SUPPLIED DATA section start
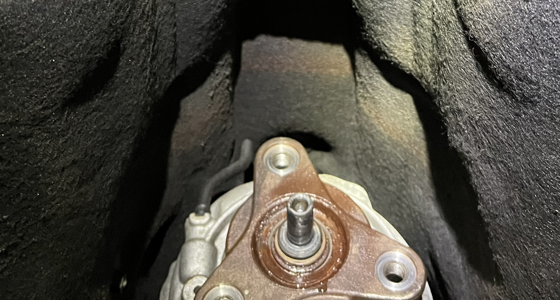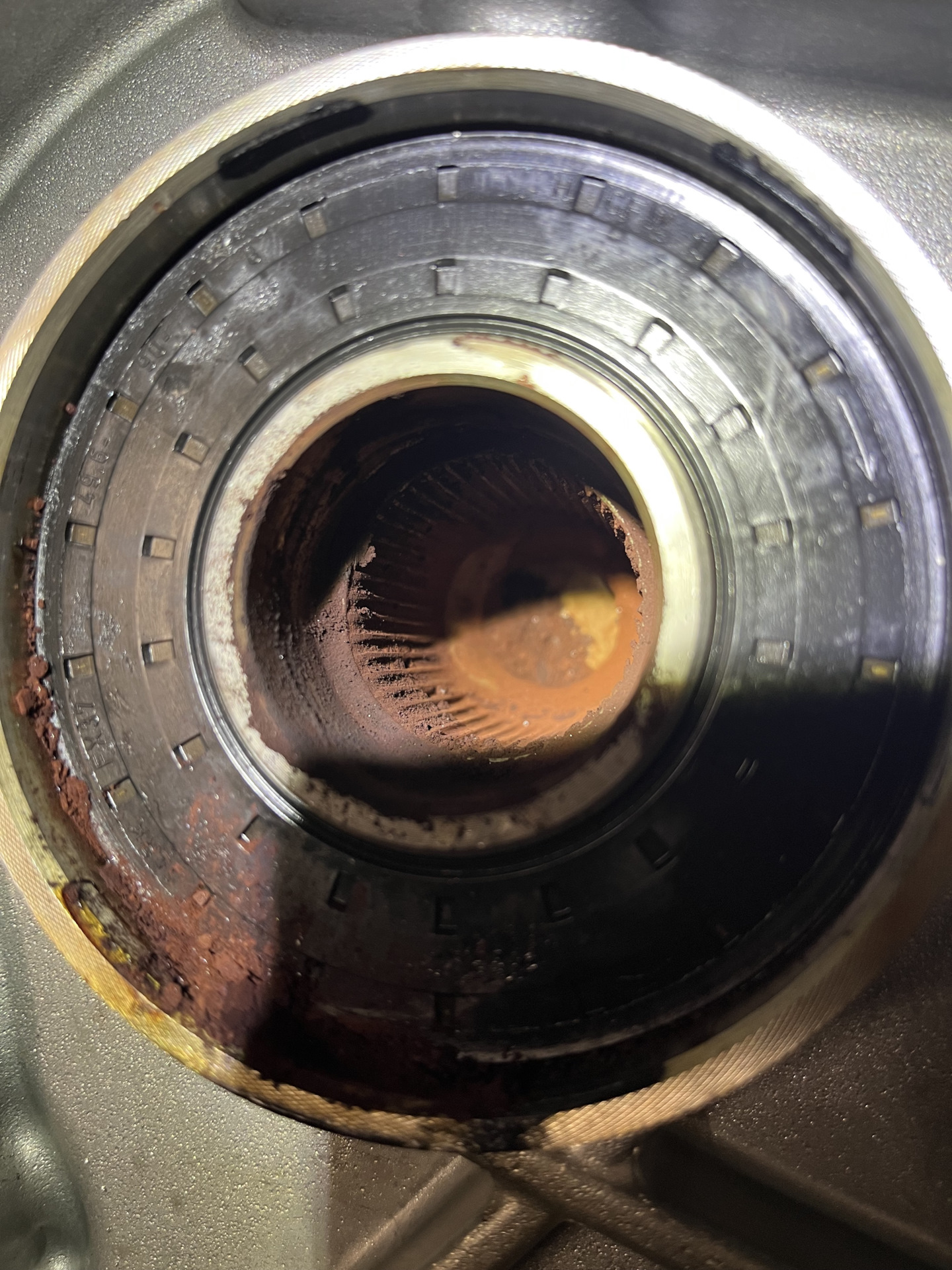 Ржавый ободок на шумоизоляции и жижа — это масло из-под сальника с частями шлицов, соответственно, есть люфт.
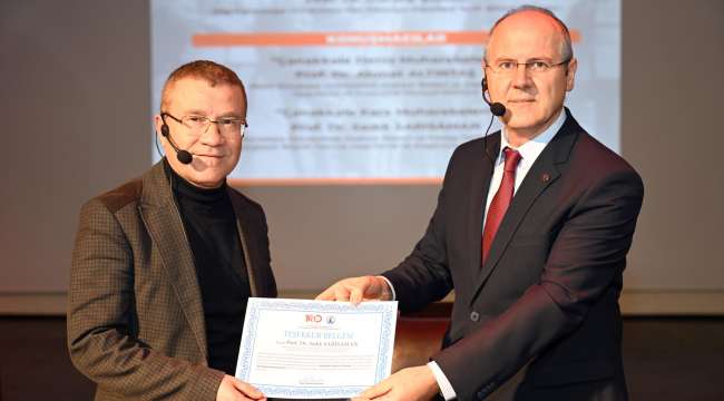 Kocatepe-Büyük Taarruz Uygulama ve Araştırma Merkezi Müdürü, Rektörlük Atatürk İlkeleri ve İnkılap Tarihi Bölüm Başkanı Prof. Dr. Sadık Sarısaman ise “ Çanakkale Kara Muhaberelerini” anlattı. Çanakkale Deniz Savaşlarından sonra Kara Savaşlarının başlayacağından Osmanlı Devleti tarafından tedbirler alındığını belirten Sarısaman, “5. Ordu Komutanlığına Liman Von Sanders Paşa geldi. 5. Ordunun 2 tane kolordusu var. Liman Von Sanders 4 tümenin 2’sini Saros Körfezi ve Bolayır’a gönderdi. 1 tanesini ihtiyatta tuttu. Sadece 19. Tümeni Kabatepe’den Seddülbahir’e olan alana yaydı. Liman Paşa’nın İtilaf Devletlerinin kara planı harekatını tam anlamıyla anlamadığı görülüyor. 15. Kolordunun komutanı da Alman General Weber’di. Onun tümenlerini de Kumkale ve Beşige tarafına yerleştirdi. 6 tümenin 4’ünü yanlış yere mevzilendirmiş. Liman Paşa, sadece 1 tane tümeni kullanıyor” ifadelerini kullandı.
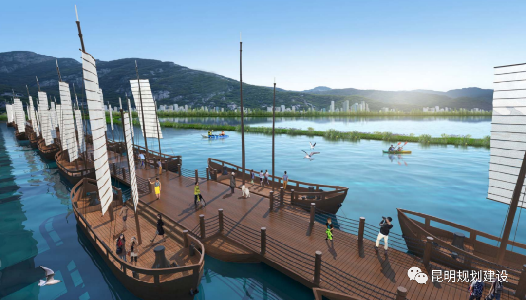 在规划时,浮桥设计方案将当地昔日“高峣古渡”的文化特色元素融入其中,取自“百舸争流、千帆竞发”之意境,打造渔家码头场景,展现滇池渔文化。
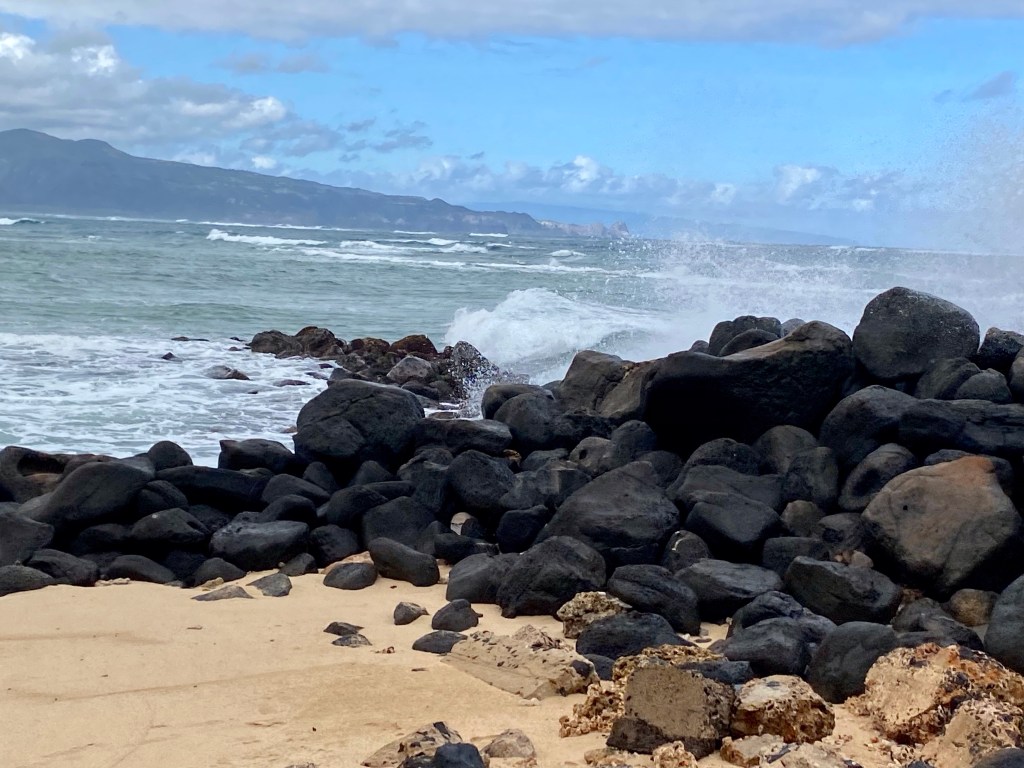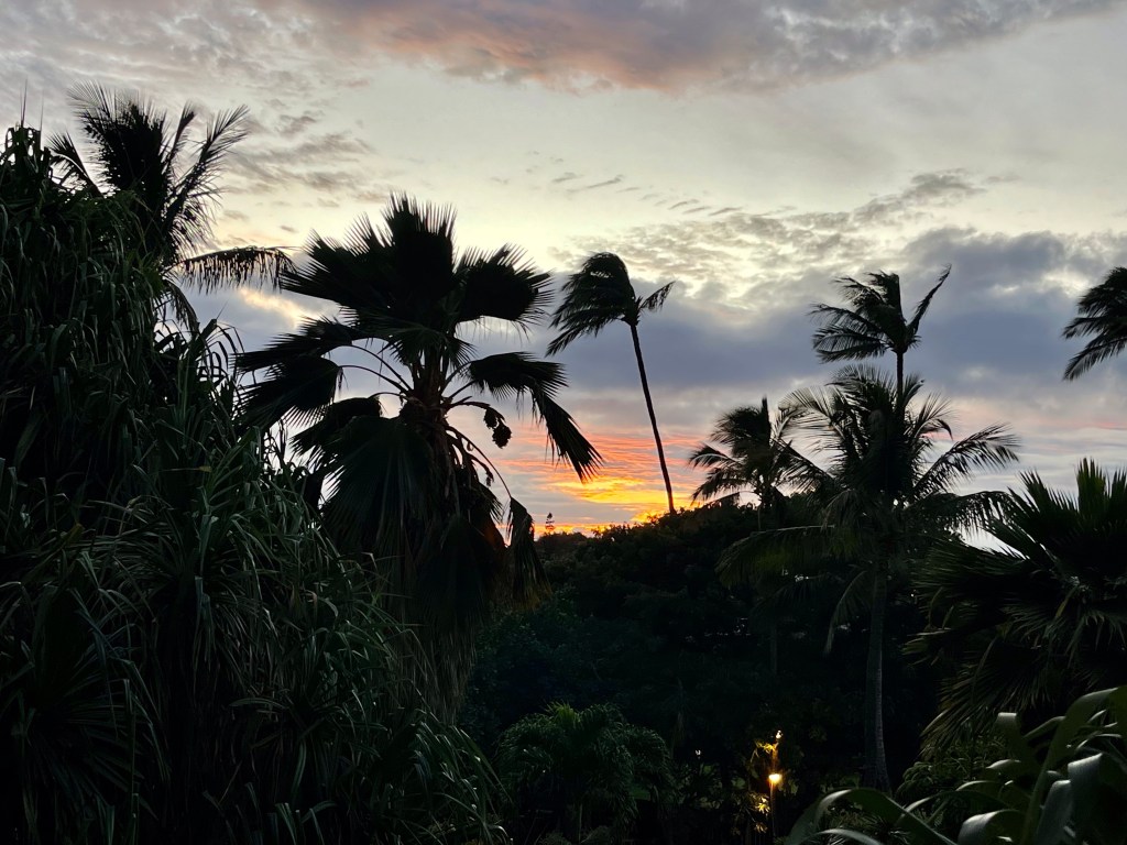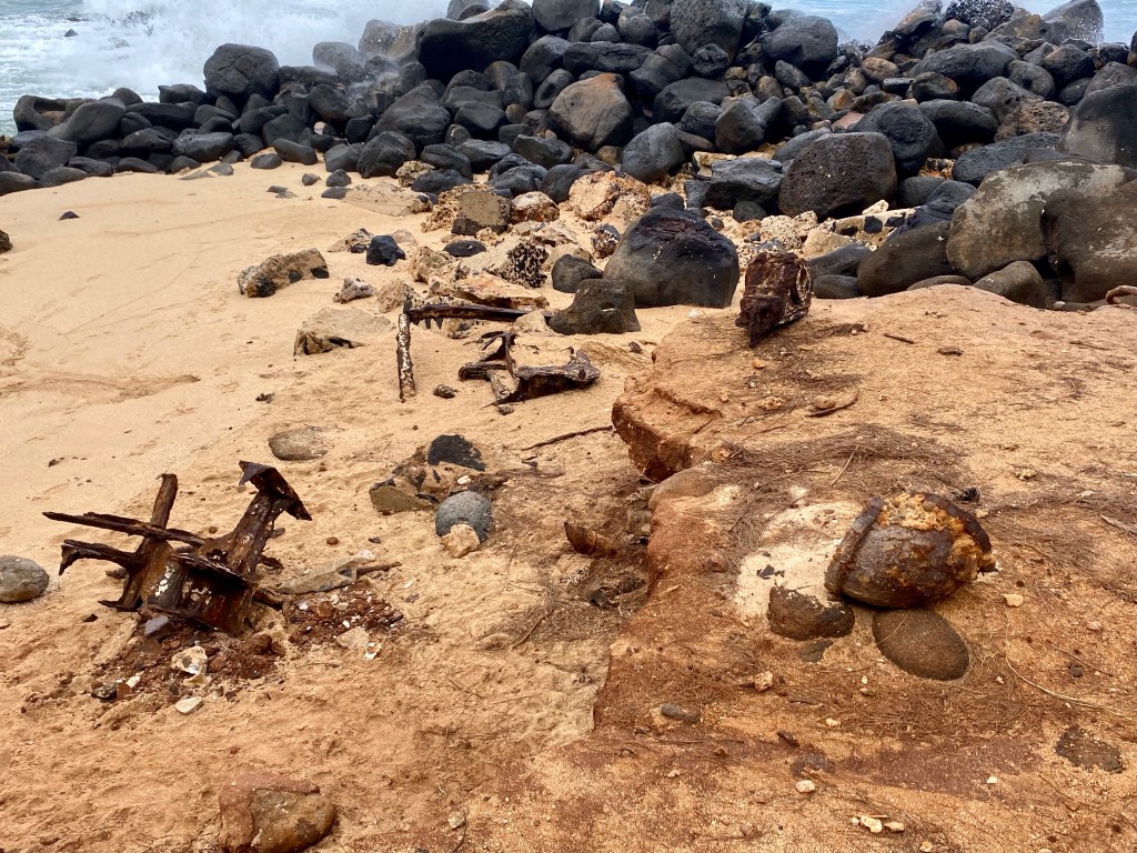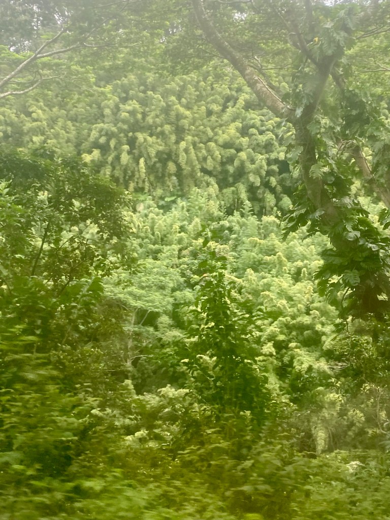We really enjoyed our service in Kahului Union Church….We ran into our old friend Oreo this morning…Norm found these old boat parts at our visit to Baldwin Beach Park. She wanted to take a piece, but they were too heavy for her to pickup…We drove the Hana Highway, around thirty miles in length. We counted 55 of these one way roads, or one lane bridges…Most of the road looked a lot like this….Hana Bay…We stopped at Kaumahina State Wayside and I could only find parking for three of my tires. Not sure how this happened…A Monk Seal taking a siesta brought quite a lot of attention. Other than raising his head and opening his eyes, he didn’t do much…He did do a 180 but we missed it, as there were a lot of turtles near by…
SUPPLIED DATA section end
§ TASK INSTRUCTIONS
Drop the pictures, then reproduce exactly the lines from the one with "在规划时,浮桥设计方案将当地" through the final line of the listing.

§ YOUR RESPONSE
 在规划时,浮桥设计方案将当地昔日“高峣古渡”的文化特色元素融入其中,取自“百舸争流、千帆竞发”之意境,打造渔家码头场景,展现滇池渔文化。
We really enjoyed our service in Kahului Union Church….We ran into our old friend Oreo this morning…Norm found these old boat parts at our visit to Baldwin Beach Park. She wanted to take a piece, but they were too heavy for her to pickup…We drove the Hana Highway, around thirty miles in length. We counted 55 of these one way roads, or one lane bridges…Most of the road looked a lot like this….Hana Bay…We stopped at Kaumahina State Wayside and I could only find parking for three of my tires. Not sure how this happened…A Monk Seal taking a siesta brought quite a lot of attention. Other than raising his head and opening his eyes, he didn’t do much…He did do a 180 but we missed it, as there were a lot of turtles near by…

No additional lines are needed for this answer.